- **Aim of the task**
Reproduce the material below line by line, beginning with its first line and ending with the line that contains "表5 2020-2022年A股黄金公司产量预期(只考虑内生增长)"; leave out pictures.

- **Collected material**
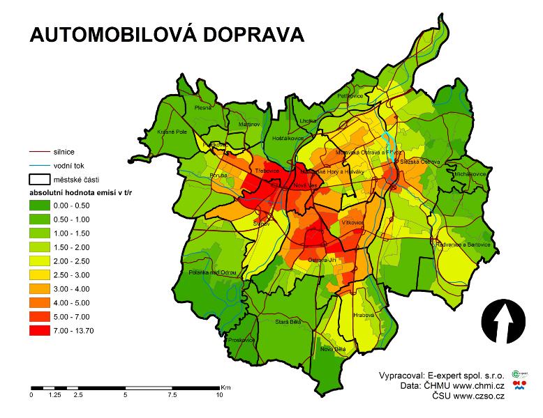 Emise TZL z automobilové dopravy byly stanoveny z údajů poskytnutých ČHMÚ – z plošně vyjádřených emisních toků ve čtvercích o straně 1 km. Použité emisní toky zahrnovaly primární emise ze spalování paliv, otěrů pneumatik a brzdových destiček a abraze vozovky. Podle očekávání se znečištění z dopravy koncentruje v blízkosti křížení dopravně nejzatíženějších komunikací (1).
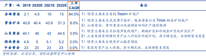 表5 2020-2022年A股黄金公司产量预期(只考虑内生增长)
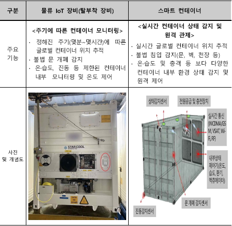 컨테이너 IoT 장비 보급 시범사업은 컨테이너의 외부에 IoT 장비를 설치하여 운송사가 컨테이너의 상태정보를 주기적으로 모니터링 할 수 있게 하는 사업으로, 2021년부터 2년간 총 4,160개를 국적선사에 보급하였다.

- **Solution to this exercise**
 Emise TZL z automobilové dopravy byly stanoveny z údajů poskytnutých ČHMÚ – z plošně vyjádřených emisních toků ve čtvercích o straně 1 km. Použité emisní toky zahrnovaly primární emise ze spalování paliv, otěrů pneumatik a brzdových destiček a abraze vozovky. Podle očekávání se znečištění z dopravy koncentruje v blízkosti křížení dopravně nejzatíženějších komunikací (1).
 表5 2020-2022年A股黄金公司产量预期(只考虑内生增长)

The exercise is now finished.